**Work instructions:**
Copy the data below exactly, omitting any picture it contains.

**Dataset excerpt:**

Content starts

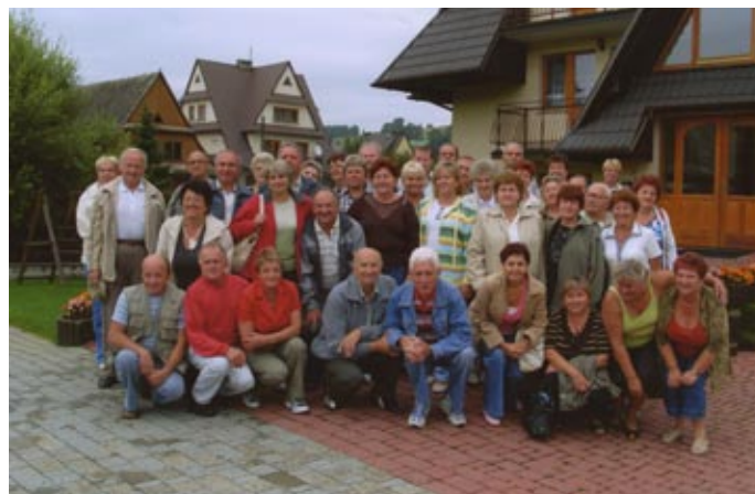
Emeryci i renciści z mierzęcickiego Koła

Koło Emerytów i Rencistów w Mierzęcicach
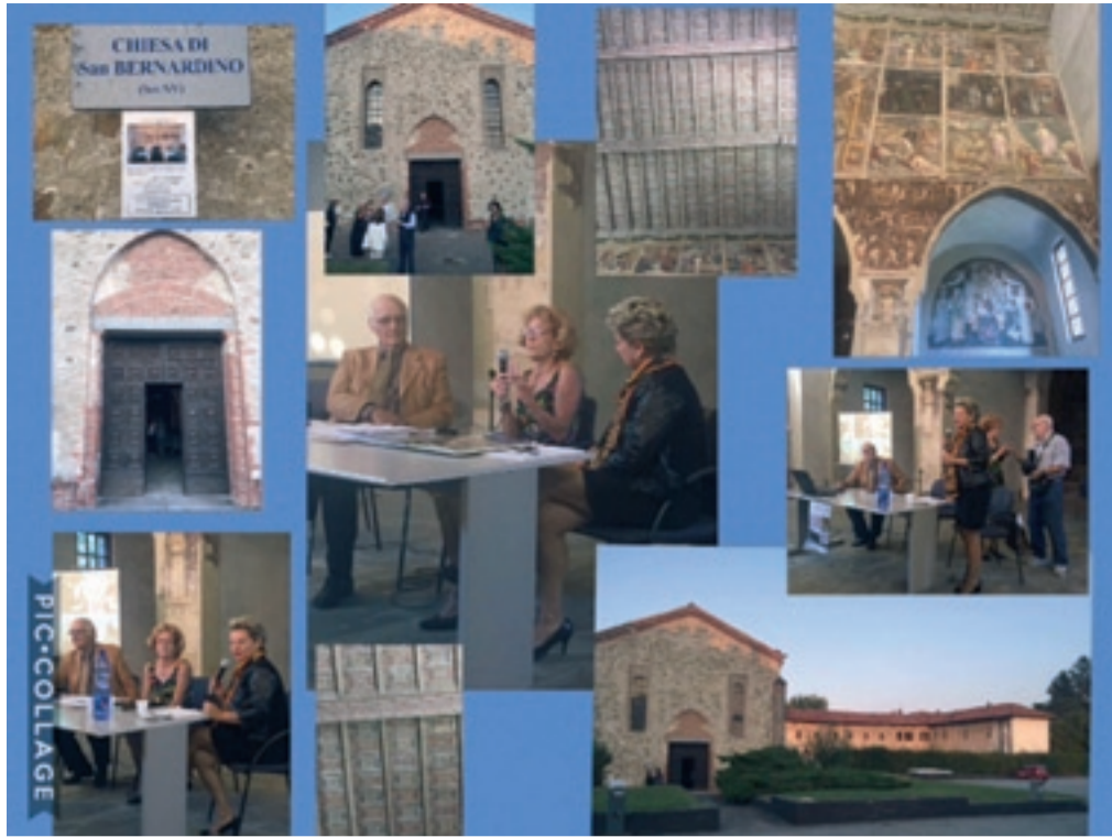
Club per l'UNESCO del IVREA

Pomeriggio a San Bernardino...un insieme di scatti nella chiesa di Proprietà Olivetti, 28 settembre 2016.

Content ends

**Finished task:**
Emeryci i renciści z mierzęcickiego Koła

Koło Emerytów i Rencistów w Mierzęcicach
Club per l'UNESCO del IVREA

Pomeriggio a San Bernardino...un insieme di scatti nella chiesa di Proprietà Olivetti, 28 settembre 2016.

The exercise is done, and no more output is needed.